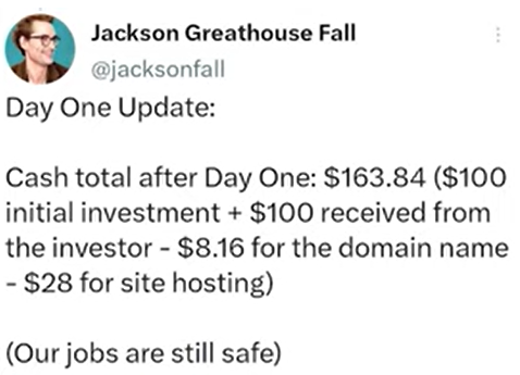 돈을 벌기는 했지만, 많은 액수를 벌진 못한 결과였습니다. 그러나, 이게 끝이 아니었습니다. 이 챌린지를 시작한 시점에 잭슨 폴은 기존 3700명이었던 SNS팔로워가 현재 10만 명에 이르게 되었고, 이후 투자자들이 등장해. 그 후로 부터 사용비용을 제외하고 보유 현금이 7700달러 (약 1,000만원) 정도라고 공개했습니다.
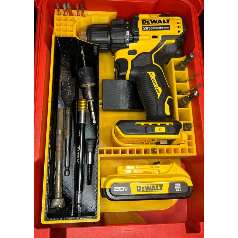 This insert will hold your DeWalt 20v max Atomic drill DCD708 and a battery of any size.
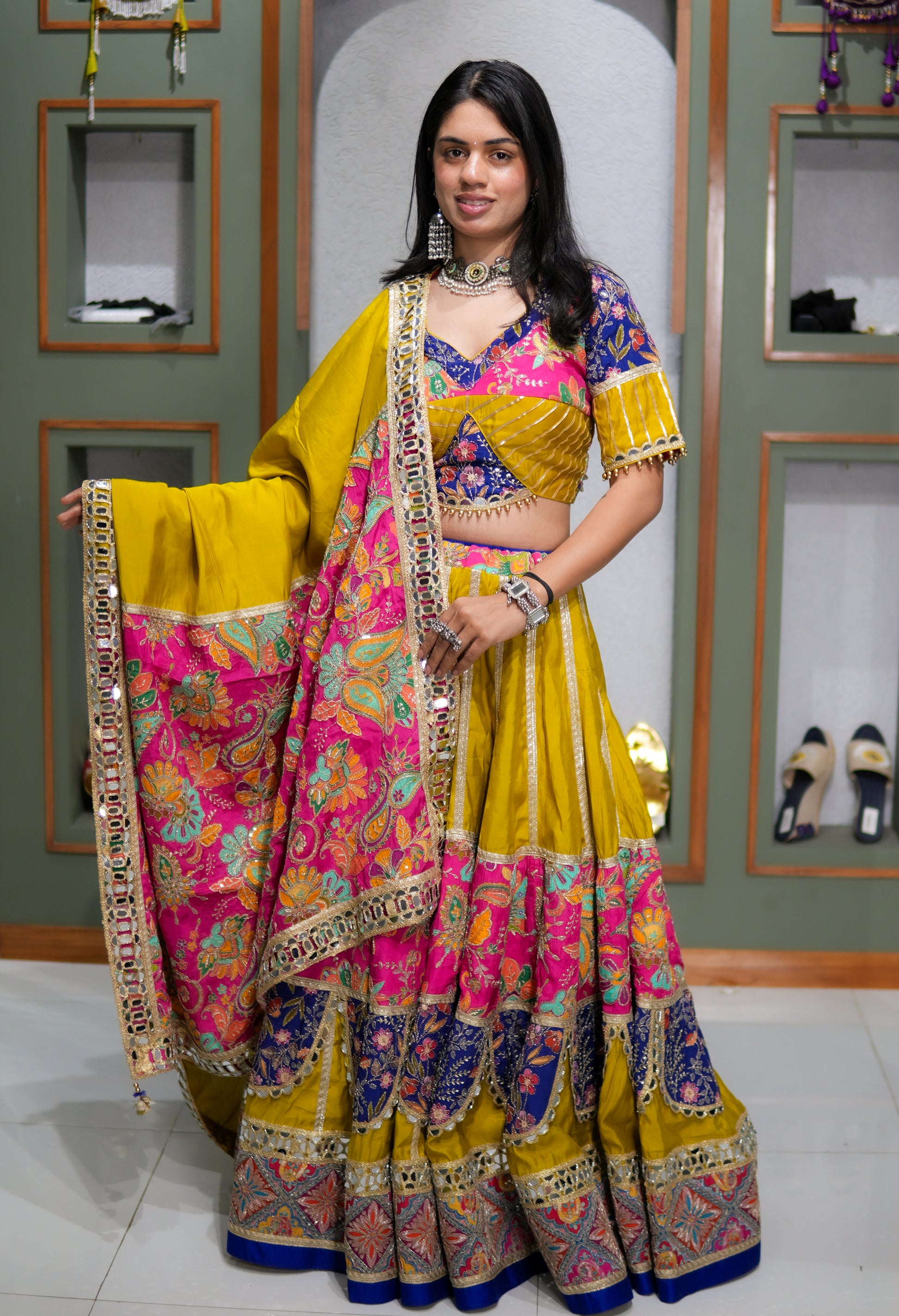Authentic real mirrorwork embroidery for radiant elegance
━━━━━━━━━━━━━━━━━━━━━━━━━━━━━━
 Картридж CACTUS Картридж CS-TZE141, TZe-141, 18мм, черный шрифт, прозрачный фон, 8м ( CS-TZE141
━━━━━━━━━━━━━━━━━━━━━━━━━━━━━━
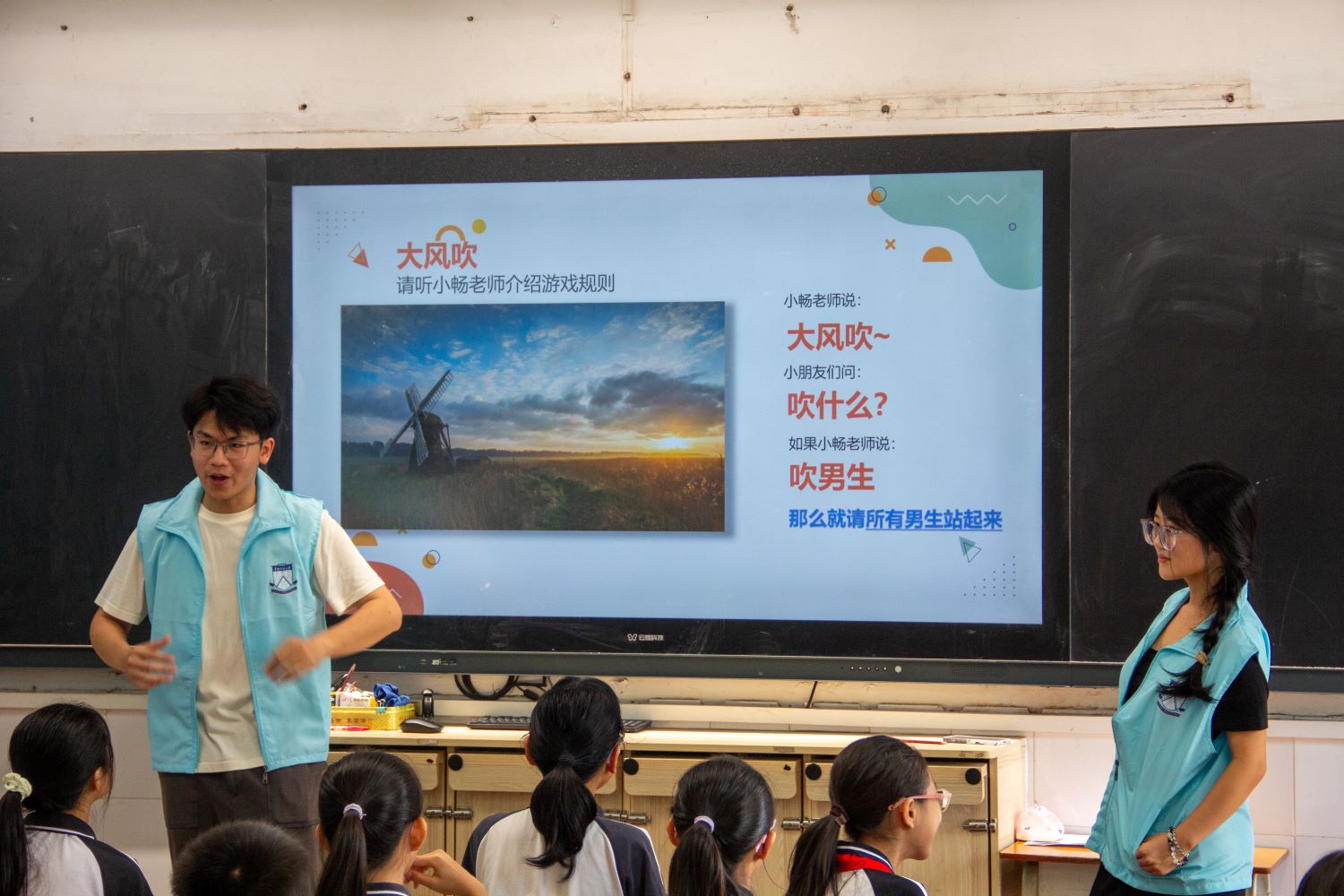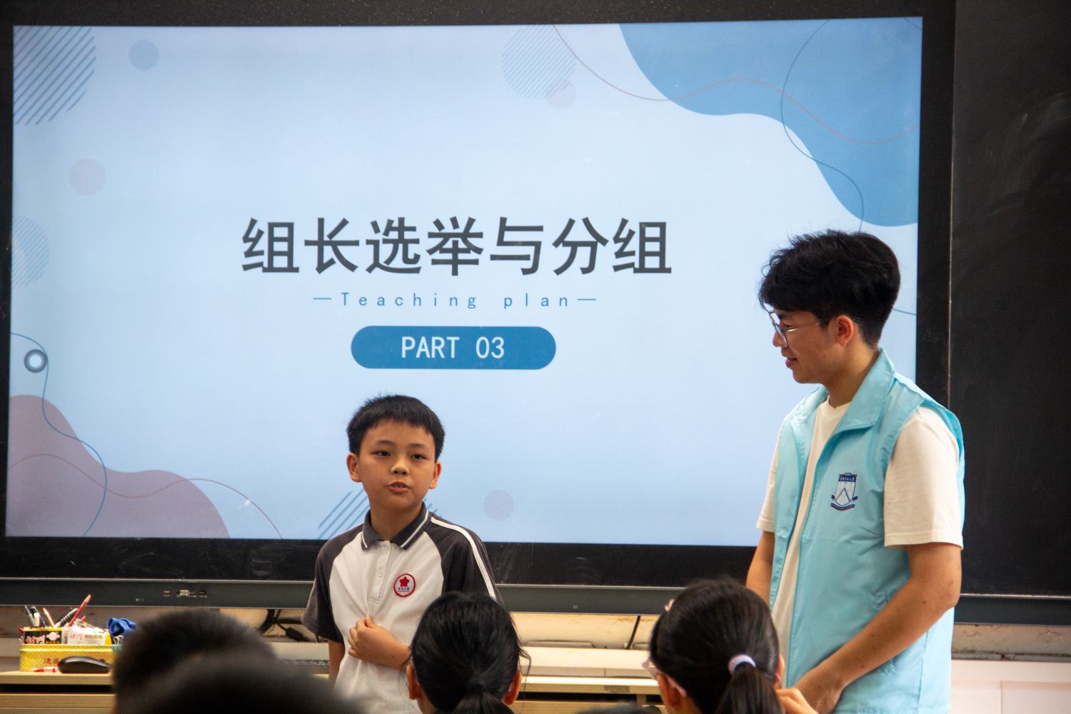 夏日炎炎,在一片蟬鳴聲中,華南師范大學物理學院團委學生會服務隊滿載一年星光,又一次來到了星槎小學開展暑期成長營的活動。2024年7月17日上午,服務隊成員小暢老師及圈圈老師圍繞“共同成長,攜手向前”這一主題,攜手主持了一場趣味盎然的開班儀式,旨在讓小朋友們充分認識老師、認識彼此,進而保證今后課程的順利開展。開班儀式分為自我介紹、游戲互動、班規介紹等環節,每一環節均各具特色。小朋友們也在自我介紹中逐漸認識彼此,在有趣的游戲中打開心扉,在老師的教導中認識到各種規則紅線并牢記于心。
━━━━━━━━━━━━━━━━━━━━━━━━━━━━━━
Would you please reproduce the entries above, starting at the line with "This insert will" and stopping after the line with "Authentic real mirrorwork"? Omit any pictures.

Result below:
 This insert will hold your DeWalt 20v max Atomic drill DCD708 and a battery of any size.
Authentic real mirrorwork embroidery for radiant elegance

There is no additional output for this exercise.